The violence has been concentrated at the Los Álamos plantation group on Ecuador's southwestern coast, where at least ten striking workers were shot on May 16 by assailants. Los Álamos is owned by the Noboa Corporation, whose owner, Álvaro Noboa, is a leading presidential candidate in Ecuador's October elections.

"The efforts to stop unions on the banana plantations have been going on for a long time, but now we're seeing a descent into pure thuggery," said Carol Pier, Labor Rights and Trade Researcher for Human Rights Watch. "The Ecuadorian government has a responsibility to prevent this kind of violence."

On April 25, Human Rights Watch released Tainted Harvest: Child Labor and Obstacles to Organizing on Ecuador's Banana Plantations, a 114-page report that detailed impediments to unionization and the widespread use of hazardous child labor on Ecuador's banana plantations.

In early March, workers from the Los Álamos plantation group petitioned the Ministry of Labor to recognize their recently-formed union. Shortly thereafter, approximately 124 Los Álamos workers were illegally fired, among them over a dozen union organizers. Although some workers were eventually allowed to resume their posts, others, including the union organizers, are still out of work.

In late April, the Ministry of Labor recognized three trade unions formed by the workers from Los Álamos, a positive step towards respecting workers' right to organize.

According to Ecuadorian workers' organizations, however, three more union activists were reportedly illegally fired on May 2. On May 6, largely in response to the firings, the workers of the Los Álamos plantation group declared a strike. Though a workers' organization allegedly requested police protection for the striking workers, none arrived until violence erupted.

At approximately 2:00 AM on the morning of May 16, between 200 and 400 hooded, armed men entered the Los Álamos plantation group, where workers living on the plantations were sleeping. Reports indicate that the hooded men banged on workers' doors with rifle butts, dragged roughly eighty of them from their homes, hit many with rifle butts, insulted them, looted their homes, and told many that they would be killed and dumped into the river. The hooded men also fired at at least one striking worker, injuring him critically and causing the subsequent amputation of his leg. Approximately six hours later, about six policemen reportedly arrived at the plantations.

"These actions, the illegal firings and the anti-striker violence, are blatant union-busting tactics and serious human rights abuses," said Pier. "They must not go unpunished."

The armed men remained on the Los Álamos premises throughout the day on May 16 and into the early evening, at which time they allegedly told all striking workers to leave the premises by 6:30 PM or be forcibly evicted. Shortly after 6:00 PM, with the workers showing no sign of leaving, the armed men allegedly began shooting, critically injuring one worker and injuring several others and a policeman.

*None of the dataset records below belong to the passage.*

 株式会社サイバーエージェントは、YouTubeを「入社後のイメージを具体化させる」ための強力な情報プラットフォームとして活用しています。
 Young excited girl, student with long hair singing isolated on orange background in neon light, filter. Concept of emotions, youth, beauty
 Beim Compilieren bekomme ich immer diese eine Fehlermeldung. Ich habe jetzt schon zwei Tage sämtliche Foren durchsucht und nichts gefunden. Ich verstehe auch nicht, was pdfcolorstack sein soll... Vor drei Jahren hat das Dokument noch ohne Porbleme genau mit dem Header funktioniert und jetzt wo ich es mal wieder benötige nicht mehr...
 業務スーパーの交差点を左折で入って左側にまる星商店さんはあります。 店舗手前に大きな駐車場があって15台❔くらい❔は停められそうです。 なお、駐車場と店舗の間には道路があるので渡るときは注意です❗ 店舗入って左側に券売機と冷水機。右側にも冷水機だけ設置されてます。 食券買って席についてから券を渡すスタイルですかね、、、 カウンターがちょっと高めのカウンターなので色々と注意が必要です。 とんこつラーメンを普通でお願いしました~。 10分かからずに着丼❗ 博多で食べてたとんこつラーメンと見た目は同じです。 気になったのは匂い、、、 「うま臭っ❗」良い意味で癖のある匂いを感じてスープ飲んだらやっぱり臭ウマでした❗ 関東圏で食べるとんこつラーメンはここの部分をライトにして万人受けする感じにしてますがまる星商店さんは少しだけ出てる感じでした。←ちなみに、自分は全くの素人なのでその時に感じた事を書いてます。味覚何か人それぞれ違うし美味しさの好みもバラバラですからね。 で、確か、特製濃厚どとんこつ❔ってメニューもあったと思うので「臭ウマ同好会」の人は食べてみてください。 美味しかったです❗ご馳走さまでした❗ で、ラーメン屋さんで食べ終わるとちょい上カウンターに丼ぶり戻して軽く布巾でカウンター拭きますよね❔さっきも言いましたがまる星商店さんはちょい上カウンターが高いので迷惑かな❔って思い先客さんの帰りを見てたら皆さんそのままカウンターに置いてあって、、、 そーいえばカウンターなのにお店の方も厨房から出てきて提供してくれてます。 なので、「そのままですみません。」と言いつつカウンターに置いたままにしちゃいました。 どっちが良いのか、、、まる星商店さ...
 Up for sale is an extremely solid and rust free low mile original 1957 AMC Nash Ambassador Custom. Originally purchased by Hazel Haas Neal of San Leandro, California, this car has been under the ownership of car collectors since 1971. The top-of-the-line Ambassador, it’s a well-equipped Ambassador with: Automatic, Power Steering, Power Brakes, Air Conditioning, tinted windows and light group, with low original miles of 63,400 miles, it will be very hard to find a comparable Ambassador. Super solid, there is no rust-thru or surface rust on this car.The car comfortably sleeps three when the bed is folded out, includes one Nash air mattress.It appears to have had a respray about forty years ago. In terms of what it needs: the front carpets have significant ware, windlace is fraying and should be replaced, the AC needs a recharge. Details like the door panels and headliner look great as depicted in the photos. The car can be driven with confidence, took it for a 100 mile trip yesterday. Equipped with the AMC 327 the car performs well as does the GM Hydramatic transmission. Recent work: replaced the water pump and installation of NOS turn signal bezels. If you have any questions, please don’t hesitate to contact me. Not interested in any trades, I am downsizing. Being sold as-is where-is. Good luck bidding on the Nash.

Reports indicate that at 8:00 PM, police reinforcements finally arrived and arrested approximately twenty of the armed thugs.

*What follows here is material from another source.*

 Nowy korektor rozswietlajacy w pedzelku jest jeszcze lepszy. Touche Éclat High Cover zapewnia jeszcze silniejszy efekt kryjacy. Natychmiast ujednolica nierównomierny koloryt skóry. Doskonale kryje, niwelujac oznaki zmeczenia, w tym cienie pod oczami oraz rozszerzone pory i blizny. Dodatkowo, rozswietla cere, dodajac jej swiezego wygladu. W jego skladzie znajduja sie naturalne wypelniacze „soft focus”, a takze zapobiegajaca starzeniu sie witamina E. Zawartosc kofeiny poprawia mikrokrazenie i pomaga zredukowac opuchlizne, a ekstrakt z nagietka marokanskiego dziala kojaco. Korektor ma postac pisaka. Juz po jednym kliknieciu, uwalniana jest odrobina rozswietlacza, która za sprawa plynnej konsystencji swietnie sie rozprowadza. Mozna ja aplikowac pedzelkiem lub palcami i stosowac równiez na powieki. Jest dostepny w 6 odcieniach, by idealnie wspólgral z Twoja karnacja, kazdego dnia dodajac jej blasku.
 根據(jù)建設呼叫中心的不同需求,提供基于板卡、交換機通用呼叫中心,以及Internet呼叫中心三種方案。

According to reports, the injured worker whose leg was later amputated needs blood transfusions, which he was allegedly initially denied because his employer failed to make mandatory Social Security payments as required by Ecuadorian law. To ensure that the injured worker received the necessary care, a workers' organization signed as guarantor.

"This is an example of what happens when you have weak labor laws and even weaker enforcement," said Pier. "Workers should not be threatened, beaten, or shot for exercising their constitutionally protected and internationally recognized human rights."

Human Rights Watch calls on the Ecuadorian government to undertake a comprehensive investigation of these disturbing reports of violence against striking banana workers. Anyone found responsible should be prosecuted. A complete investigation should examine whether these and any other perpetrators were hired by other interested parties, and if proven, those parties should also be brought to justice. The government must enforce its labor laws, which allow striking workers to remain on their employers' premises guarded by police and which state that police must take all necessary measures to guarantee the rights of striking workers and their employers and prevent entry into the workplace by agitators and strike breakers.